Personal Finance & Money Asked by Elvin Jafali on January 16, 2021
I can’t wrap my head around selling large quantity of stocks.
For example, assume Alan has 10,000 shares of company X that he bought 5 years ago at $5/share.
He is happy with the current share price of the company which is $227. He wants to sell all of his stocks, so he puts a sell order of 10k shares of company X where he owns stocks.
Now the unclear bit. When he puts the sell order through his broker, does he get all 10,000 shares sold out at once? Or does the broker put the sell order and wait until all 10k are sold and give Alan his money(i.e. deposit to his account)?
You can put a "all or none" clause in your order so that all of the shares have to be sold or none of them are. Of course, this may make it harder to sell them and you may not get the best price for the lot, since you'll need to wait for a buy order for 10,000 (or more) shares.
More commonly, sub-lots will be sold as they get matched up with buy orders.
If the stock is even mildly liquid, you should have no trouble selling 10k shares in multiple lots with only mild price slippage (i.e. you may get worse prices as lots sell and take out buy orders). If the stock is illiquid, it may take some time and you may get more significant slippage.
Correct answer by D Stanley on January 16, 2021
What's unclear?
According to the text of your question, to "get all 10,000 shares sold out at once" logically requires that there are enough people/organizations ready at that moment to buy those 10K shares. That's reasonable in highly liquid stocks.
If there aren't enough people right then who want to buy all 10K shares (for example, if it's a small company and so illiquid) it might take some time to find a buyer, and the price might drop from $227/share.
Remember, Alan's stock broker is just that a broker: it negotiates purchases and sales between their clients. That's all.
Of course, the world is more complicated than "that's all", because big investment companies can run their own mutual funds and ETFs, and they might buy the ETF shares from you.
Answered by RonJohn on January 16, 2021
To understand what could happen, you need to understand NBBO (National Best Bid and Offer) which is the current price. The bid price is the current sell price and the ask is the current buy price. Let's assume that the NBBO quote is $227.00 x $227.25
If you are selling fewer shares than the size available at the bid price of $227.00 then your sell order is filled completely at $227.00 .

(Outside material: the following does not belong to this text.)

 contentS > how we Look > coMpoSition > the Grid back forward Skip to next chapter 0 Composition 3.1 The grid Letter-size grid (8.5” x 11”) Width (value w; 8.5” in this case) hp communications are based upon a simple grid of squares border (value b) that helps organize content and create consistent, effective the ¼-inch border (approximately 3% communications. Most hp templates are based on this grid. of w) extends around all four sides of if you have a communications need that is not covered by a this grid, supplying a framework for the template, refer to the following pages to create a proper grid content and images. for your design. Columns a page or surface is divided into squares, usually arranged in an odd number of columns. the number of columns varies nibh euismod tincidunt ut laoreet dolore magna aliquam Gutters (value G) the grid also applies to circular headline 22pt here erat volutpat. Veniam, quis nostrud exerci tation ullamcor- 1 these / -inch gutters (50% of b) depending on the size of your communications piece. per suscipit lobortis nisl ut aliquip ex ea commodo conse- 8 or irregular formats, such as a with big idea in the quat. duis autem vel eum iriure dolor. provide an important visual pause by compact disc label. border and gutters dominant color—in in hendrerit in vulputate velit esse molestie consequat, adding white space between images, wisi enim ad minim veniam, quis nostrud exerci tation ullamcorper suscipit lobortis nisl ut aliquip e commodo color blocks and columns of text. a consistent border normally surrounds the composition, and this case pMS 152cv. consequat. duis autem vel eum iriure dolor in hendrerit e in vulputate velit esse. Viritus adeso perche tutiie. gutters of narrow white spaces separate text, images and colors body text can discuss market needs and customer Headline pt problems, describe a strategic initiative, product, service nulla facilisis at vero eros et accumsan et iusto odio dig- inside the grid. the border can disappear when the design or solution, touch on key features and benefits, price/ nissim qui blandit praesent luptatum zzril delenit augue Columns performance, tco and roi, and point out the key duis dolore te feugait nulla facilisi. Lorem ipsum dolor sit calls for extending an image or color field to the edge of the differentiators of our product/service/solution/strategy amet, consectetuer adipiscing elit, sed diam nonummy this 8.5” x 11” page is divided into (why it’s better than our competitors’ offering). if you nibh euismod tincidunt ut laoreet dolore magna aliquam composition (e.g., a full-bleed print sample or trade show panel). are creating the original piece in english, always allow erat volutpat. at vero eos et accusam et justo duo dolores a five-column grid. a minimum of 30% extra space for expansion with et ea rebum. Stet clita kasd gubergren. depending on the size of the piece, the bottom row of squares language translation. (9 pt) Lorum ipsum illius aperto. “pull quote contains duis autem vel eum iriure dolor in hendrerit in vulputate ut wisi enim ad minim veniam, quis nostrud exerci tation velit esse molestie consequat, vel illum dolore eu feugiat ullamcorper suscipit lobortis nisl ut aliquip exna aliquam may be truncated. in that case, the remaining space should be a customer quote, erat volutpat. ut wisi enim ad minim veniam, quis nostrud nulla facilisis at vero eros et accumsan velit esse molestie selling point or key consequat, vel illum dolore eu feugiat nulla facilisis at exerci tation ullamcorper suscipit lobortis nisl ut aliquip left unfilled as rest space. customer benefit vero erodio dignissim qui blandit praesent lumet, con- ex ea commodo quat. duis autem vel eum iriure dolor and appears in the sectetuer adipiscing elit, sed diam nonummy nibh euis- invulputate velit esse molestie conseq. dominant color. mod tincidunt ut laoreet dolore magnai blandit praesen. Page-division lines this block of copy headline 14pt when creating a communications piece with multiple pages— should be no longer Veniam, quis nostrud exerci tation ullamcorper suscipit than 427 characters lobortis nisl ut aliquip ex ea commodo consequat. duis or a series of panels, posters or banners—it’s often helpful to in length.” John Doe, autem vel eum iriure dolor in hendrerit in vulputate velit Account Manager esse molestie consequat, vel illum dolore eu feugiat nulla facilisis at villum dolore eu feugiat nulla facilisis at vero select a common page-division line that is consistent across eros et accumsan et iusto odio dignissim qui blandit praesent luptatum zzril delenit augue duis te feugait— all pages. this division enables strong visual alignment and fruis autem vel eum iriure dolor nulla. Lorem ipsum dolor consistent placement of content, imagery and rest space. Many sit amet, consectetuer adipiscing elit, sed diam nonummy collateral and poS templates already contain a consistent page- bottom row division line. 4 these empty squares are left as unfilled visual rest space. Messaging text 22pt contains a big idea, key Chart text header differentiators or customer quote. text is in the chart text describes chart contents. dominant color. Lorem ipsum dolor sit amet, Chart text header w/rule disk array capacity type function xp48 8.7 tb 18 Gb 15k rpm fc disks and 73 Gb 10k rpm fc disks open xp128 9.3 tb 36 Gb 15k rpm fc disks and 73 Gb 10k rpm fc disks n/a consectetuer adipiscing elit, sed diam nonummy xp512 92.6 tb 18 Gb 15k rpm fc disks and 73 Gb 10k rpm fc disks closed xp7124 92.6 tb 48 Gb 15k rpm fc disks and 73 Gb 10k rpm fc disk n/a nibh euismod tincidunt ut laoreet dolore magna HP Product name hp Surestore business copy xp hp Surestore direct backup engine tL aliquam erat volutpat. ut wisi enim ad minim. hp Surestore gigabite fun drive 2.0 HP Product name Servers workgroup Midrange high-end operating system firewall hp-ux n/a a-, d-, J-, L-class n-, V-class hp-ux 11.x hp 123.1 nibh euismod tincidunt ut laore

If you are selling more shares than available at the bid price of $227.00 then there are several possibilities. If you take out all of that bid volume, you'll get a partial fill. If additional buying comes in at your bid price (perhaps there's an iceberg order on the books) then you'll sell some more shares at $227.00 and you'll continue to get filled at that price. If no additional shares come in at the bid then you'll only get a partial fill and share price will drop. However, if you placed an AON (All Or None order) then no shares will be sold since the entire order could not be filled at $227.00 .
The liquidity at the moment is what determines how much (if any) of your order will be filled. If liquidity is high, you'll have no problem selling all of your stock at $227.00 . If liquidity is low, you'll have to either wait for sufficient liquidity or you'll have to sell shares incrementally, hoping that you can get $227.00 for unsold shares.
You will receive money for whatever number of shares are sold.
Answered by Bob Baerker on January 16, 2021
The "current share price" is just the price of the last trade.
If I sell 10,000 shares as a market order, I sell for the highest bid prices available in the order book.
If I place a limit order, I set an ask price I am happy with. Then, it may take more time to sell, but then I quite surely get the price I ask for.
If the share value drops, however, no one might want to buy my shares.